**About this task:** If a record holds a picture, omit the picture, but copy everything else below exactly.

**Input for this task:**
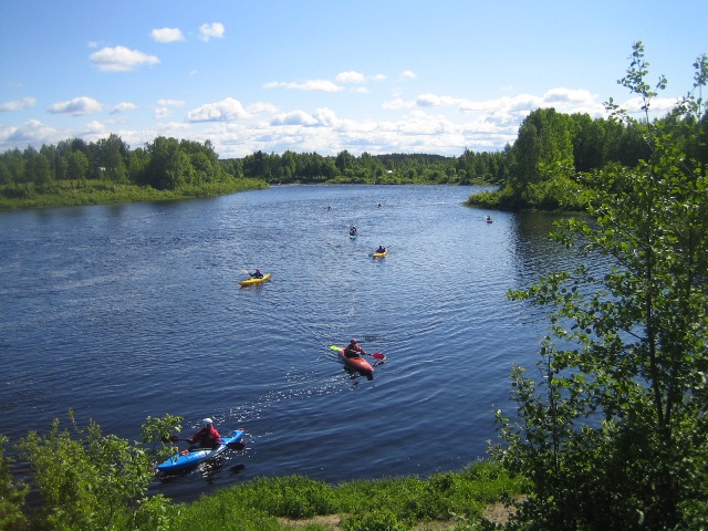 Oulujoella järjestetään opastettuja retkiä kajakeilla sekä intiaanikanooteilla. Rentouttavalla retkellä on aikaa ihailla jokivarren maisemia!
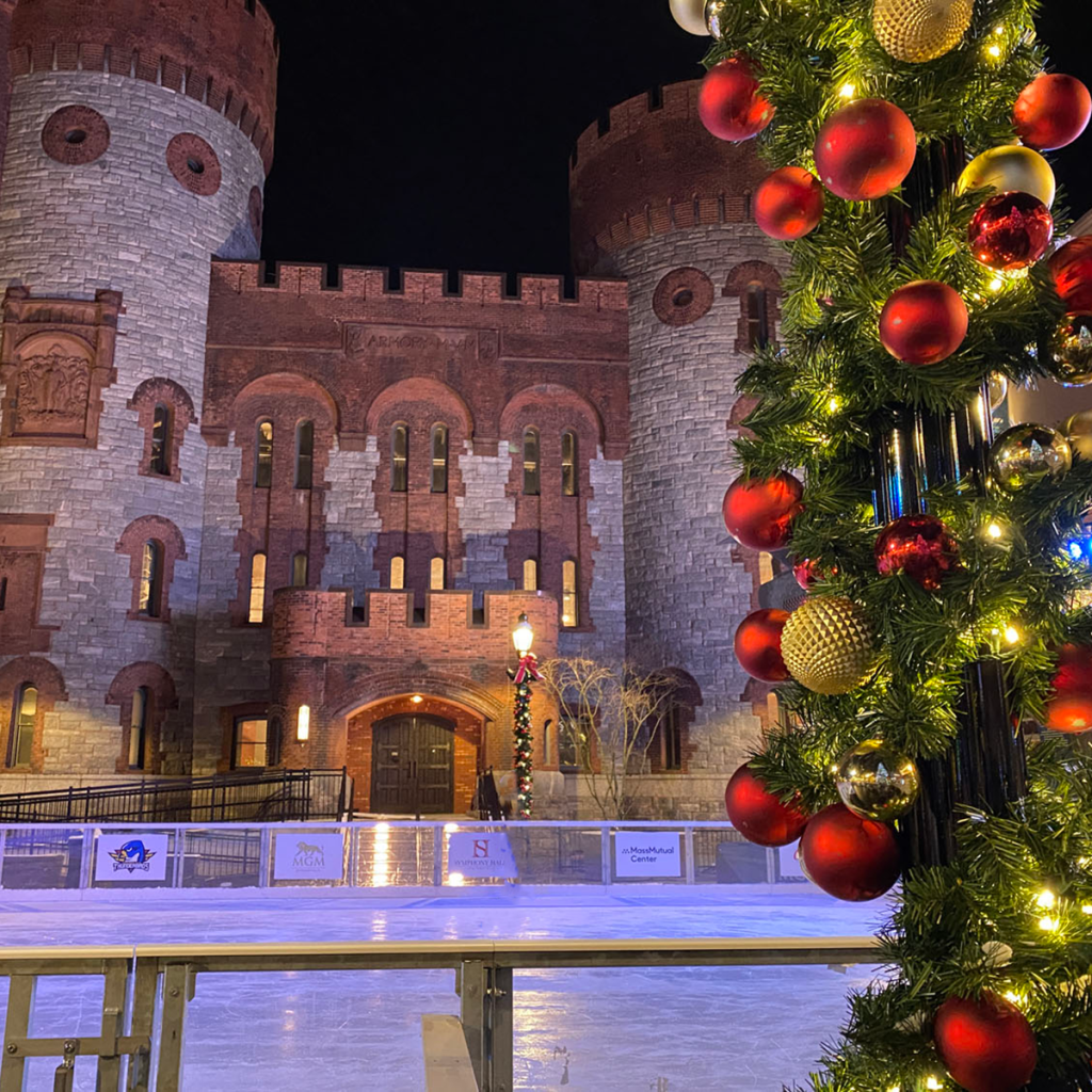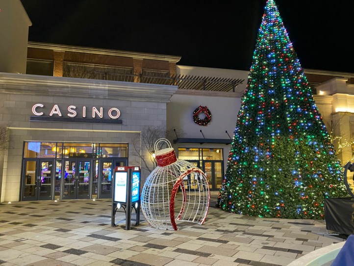 The plaza was fully decorated for Christmas. The castle-like building in the background of the first and third photos is the State Armory that was built in the late 1800s and was damaged during the June 2011 tornado that went through Western MA. It was turned into an event space and comedy club as part of the casino.
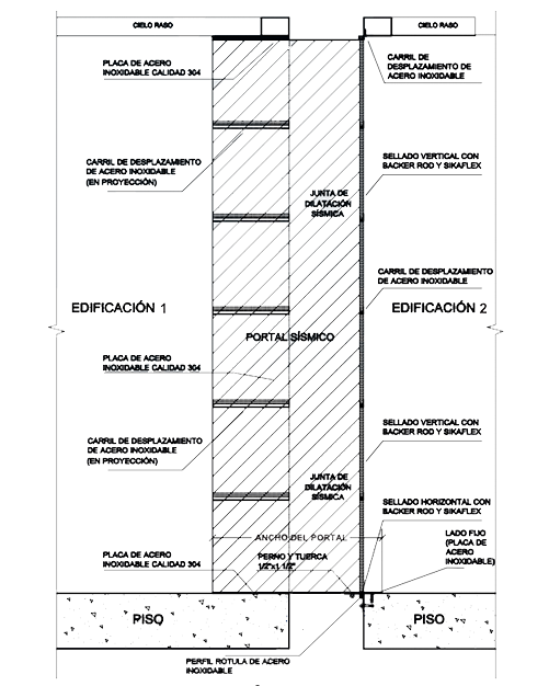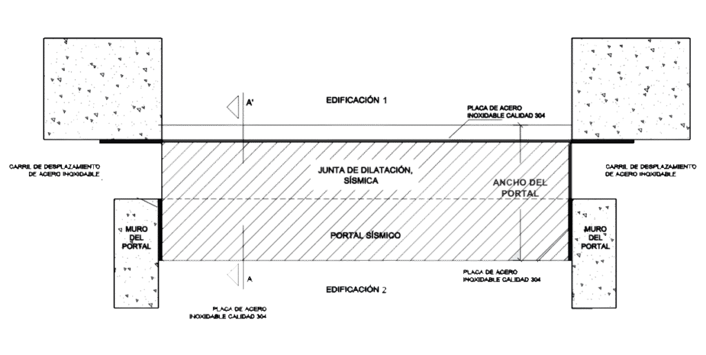 El Portal Sísmico (AYM-SP) es una solución compleja y versátil, compuesta por acero inoxidable calidad 304, que cumple con la norma ASTM E-1399. Es ideal para juntas en corredores, pasarelas, puentes y conexiones entre dos edificaciones incluso con aislamiento sísmico.
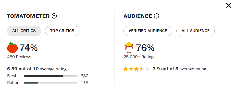 On Rotten Tomatoes, the film has a subpar 76% from over 25,000 ratings. The average score is 3.9 out of 5.
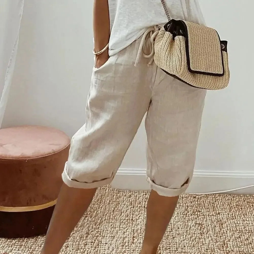 | 1XL–3XL | Linen–Cotton, slight stretch | Summer, travel, casual streetwear | High waist, lace-up, wide-leg, pockets, solid color |
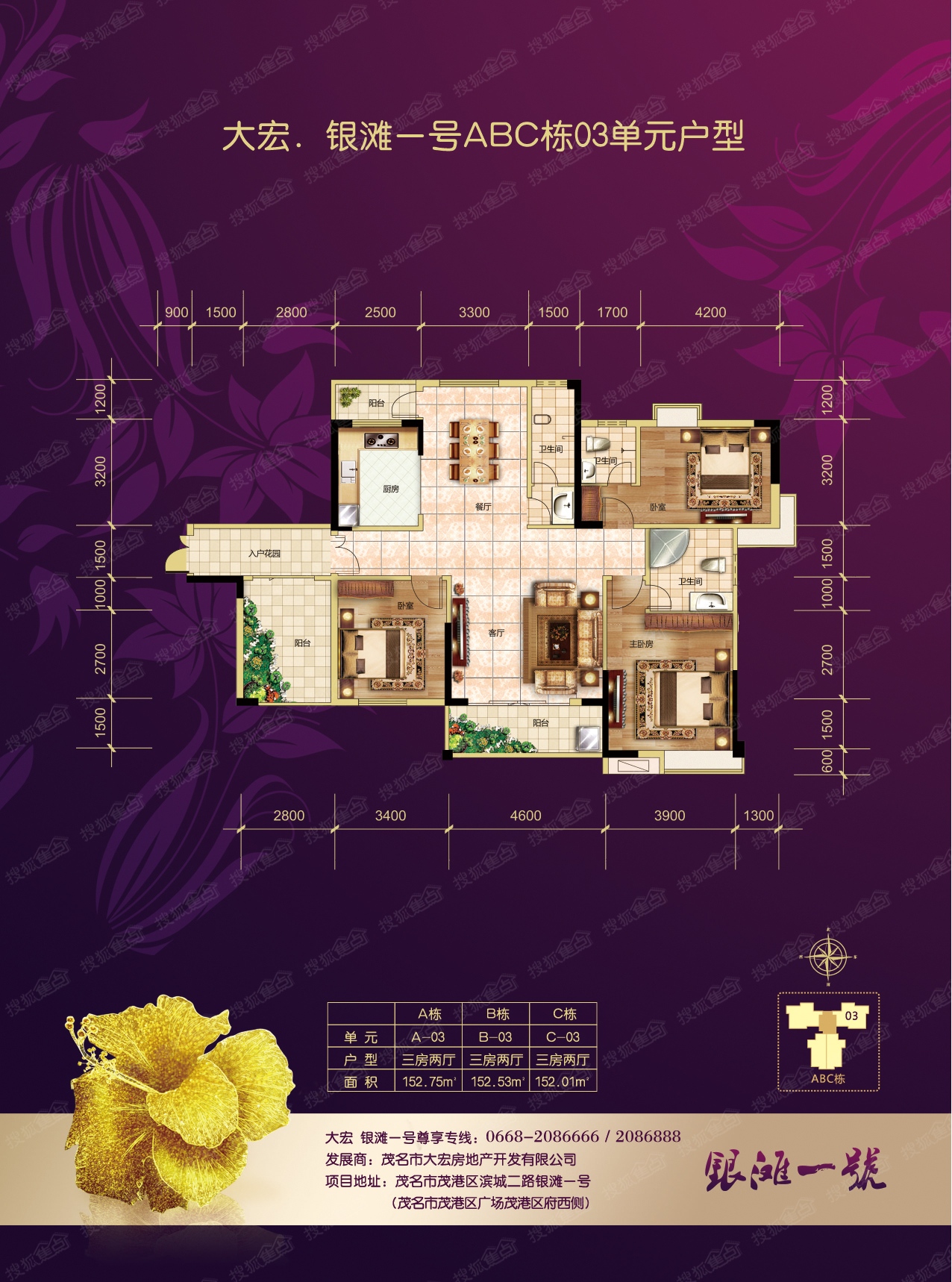 3室2厅2卫-ABC栋01单元户型
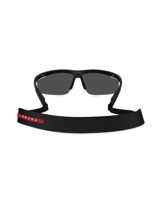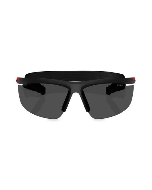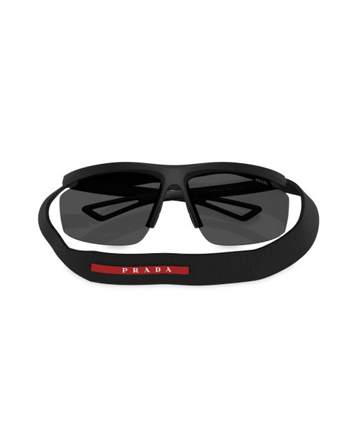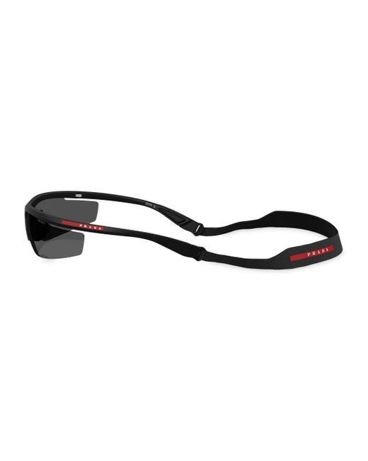 From Prada's Active Collection, these Pillow sunglasses are designed for extreme performance. The aerodynamic wraparound design is inspired by the AC75 Luna Rossa boat, featuring ultra-light frames, a high-ventilation lens system, and functional strap attachment holes. The rubber bridge insert and water-resistant Lycra spandex lanyard ensure comfort and durability. 100% UV protection Plastic lenses Includes case and cleaning cloth Plastic Made in Italy SIZE 96mm lens width 10mm bridge width 130mm temple length. Soft Accessories - Men Sunglasses > Prada > Saks Fifth Avenue > Barneys. Prada. Color: Matte Black.
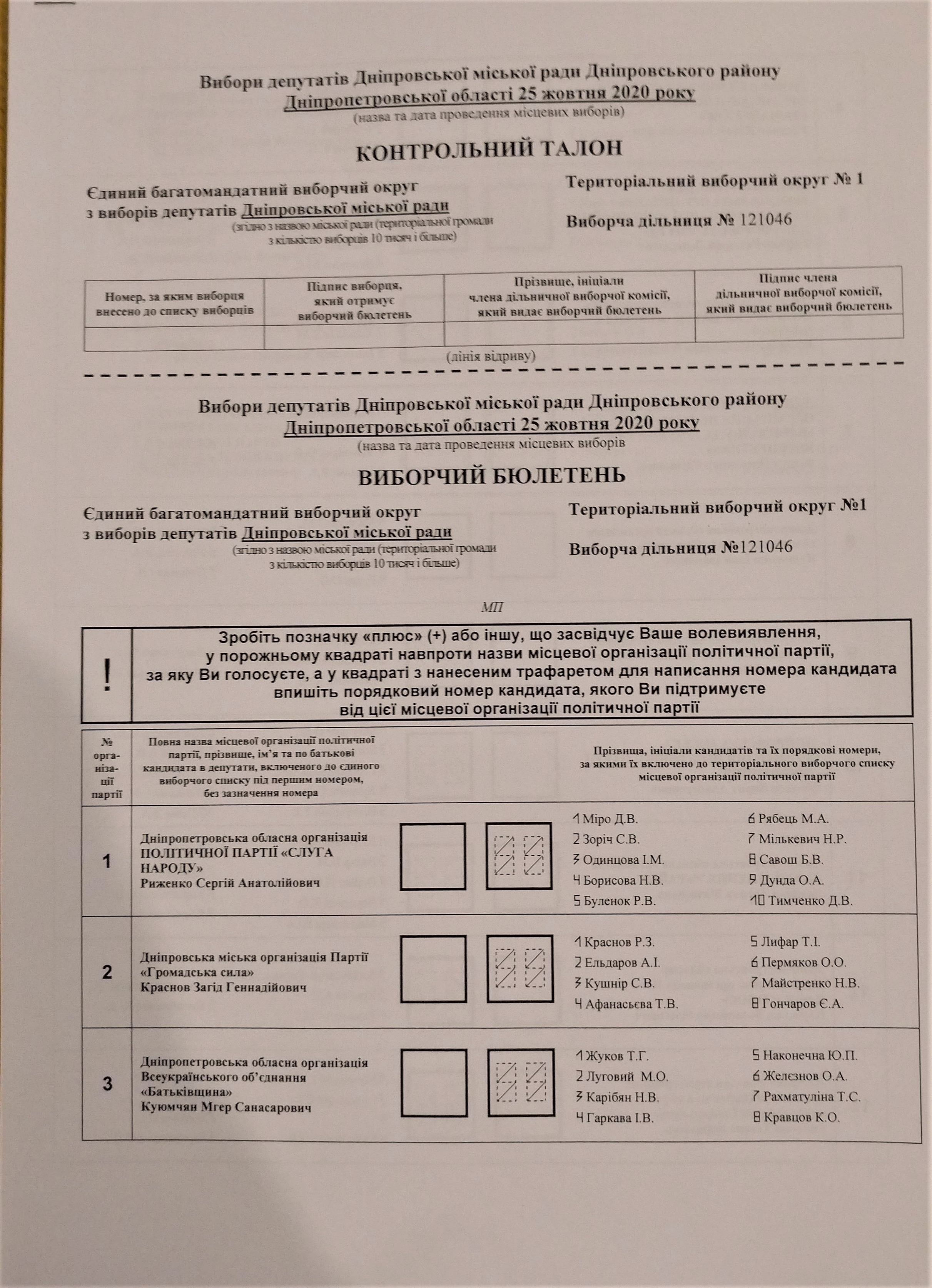 7 жовтня Дніпровська міська ТВК затвердила текст бюлетенів у 8 округах Дніпра та на посаду міського голови.
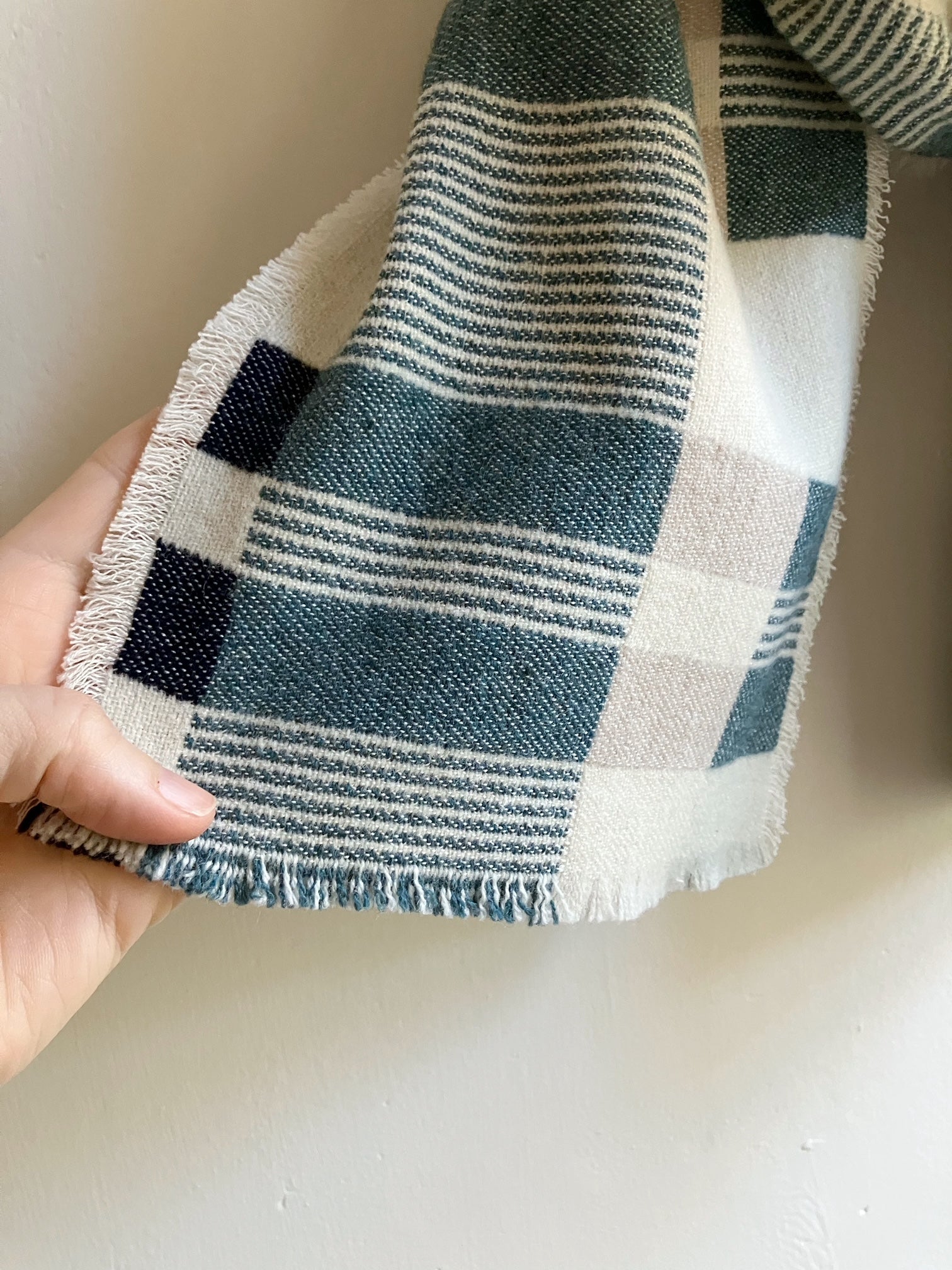 Theses scarves are cut across the weft which gives them a delicate fringe along the length of both sides of the scarves, a lovely detail.
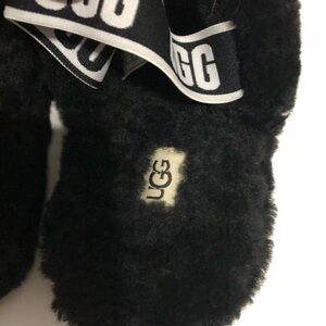 Women’s Black Ugg Slippers open toe with Logo straps size 8 loungewear fuzzy
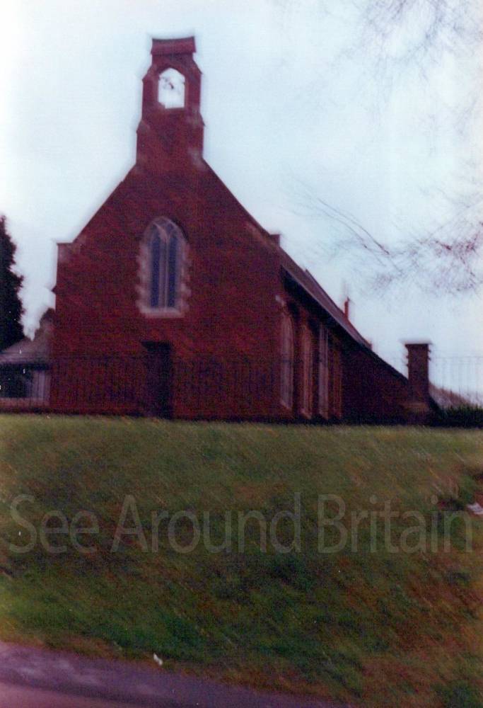 At the mini roundabout just after the row of shops take the left turn and the church immediately appears on the left hand side.
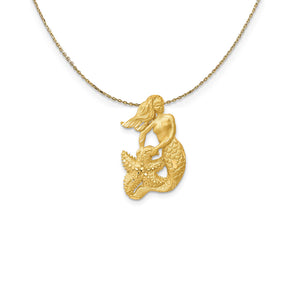 14k Yellow Gold Diamond Cut Mermaid with Sea Star Necklace
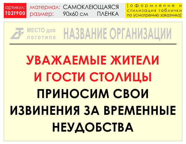 Баннер «Извинения», T02 (самоклеящаяся плёнка, 90х60 см) в Магнитогорске купить
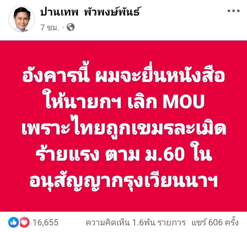 ผู้สื่อข่าวโตโจ้นิวส์รายงานว่า นายปานเทพ พัวพงษ์พันธ์ ประธานมูลนิธิยามเฝ้าแผ่นดิน โพสต์เฟซบุ๊ก ระบุว่า อังคารนี้ ผมจะยื่นหนังสือให้นายกฯ เลิก MOU เพราะไทยถูกเขมรละเมิดร้ายแรง ตาม ม.60 ในอนุสัญญากรุงเวียนนาฯ
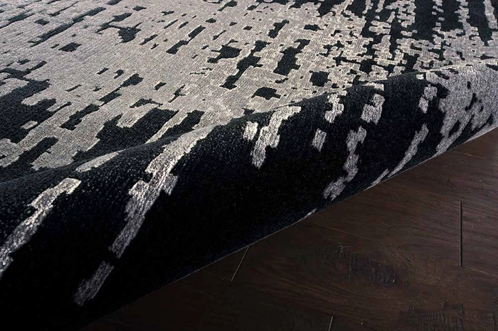 A strong abstract design has a digitized feel that gives this superbly modernist rug an ultra-contemporary edge. Profoundly handsome in darkly luminous tones of flint on charcoal. Bring dramatic impact to your room with this centerpiece textile.

**Your response:**
 Oulujoella järjestetään opastettuja retkiä kajakeilla sekä intiaanikanooteilla. Rentouttavalla retkellä on aikaa ihailla jokivarren maisemia!
 The plaza was fully decorated for Christmas. The castle-like building in the background of the first and third photos is the State Armory that was built in the late 1800s and was damaged during the June 2011 tornado that went through Western MA. It was turned into an event space and comedy club as part of the casino.
 El Portal Sísmico (AYM-SP) es una solución compleja y versátil, compuesta por acero inoxidable calidad 304, que cumple con la norma ASTM E-1399. Es ideal para juntas en corredores, pasarelas, puentes y conexiones entre dos edificaciones incluso con aislamiento sísmico.
 On Rotten Tomatoes, the film has a subpar 76% from over 25,000 ratings. The average score is 3.9 out of 5.
 | 1XL–3XL | Linen–Cotton, slight stretch | Summer, travel, casual streetwear | High waist, lace-up, wide-leg, pockets, solid color |
 3室2厅2卫-ABC栋01单元户型
 From Prada's Active Collection, these Pillow sunglasses are designed for extreme performance. The aerodynamic wraparound design is inspired by the AC75 Luna Rossa boat, featuring ultra-light frames, a high-ventilation lens system, and functional strap attachment holes. The rubber bridge insert and water-resistant Lycra spandex lanyard ensure comfort and durability. 100% UV protection Plastic lenses Includes case and cleaning cloth Plastic Made in Italy SIZE 96mm lens width 10mm bridge width 130mm temple length. Soft Accessories - Men Sunglasses > Prada > Saks Fifth Avenue > Barneys. Prada. Color: Matte Black.
 7 жовтня Дніпровська міська ТВК затвердила текст бюлетенів у 8 округах Дніпра та на посаду міського голови.
 Theses scarves are cut across the weft which gives them a delicate fringe along the length of both sides of the scarves, a lovely detail.
 Women’s Black Ugg Slippers open toe with Logo straps size 8 loungewear fuzzy
 At the mini roundabout just after the row of shops take the left turn and the church immediately appears on the left hand side.
 14k Yellow Gold Diamond Cut Mermaid with Sea Star Necklace
 Баннер «Извинения», T02 (самоклеящаяся плёнка, 90х60 см) в Магнитогорске купить
 ผู้สื่อข่าวโตโจ้นิวส์รายงานว่า นายปานเทพ พัวพงษ์พันธ์ ประธานมูลนิธิยามเฝ้าแผ่นดิน โพสต์เฟซบุ๊ก ระบุว่า อังคารนี้ ผมจะยื่นหนังสือให้นายกฯ เลิก MOU เพราะไทยถูกเขมรละเมิดร้ายแรง ตาม ม.60 ในอนุสัญญากรุงเวียนนาฯ
 A strong abstract design has a digitized feel that gives this superbly modernist rug an ultra-contemporary edge. Profoundly handsome in darkly luminous tones of flint on charcoal. Bring dramatic impact to your room with this centerpiece textile.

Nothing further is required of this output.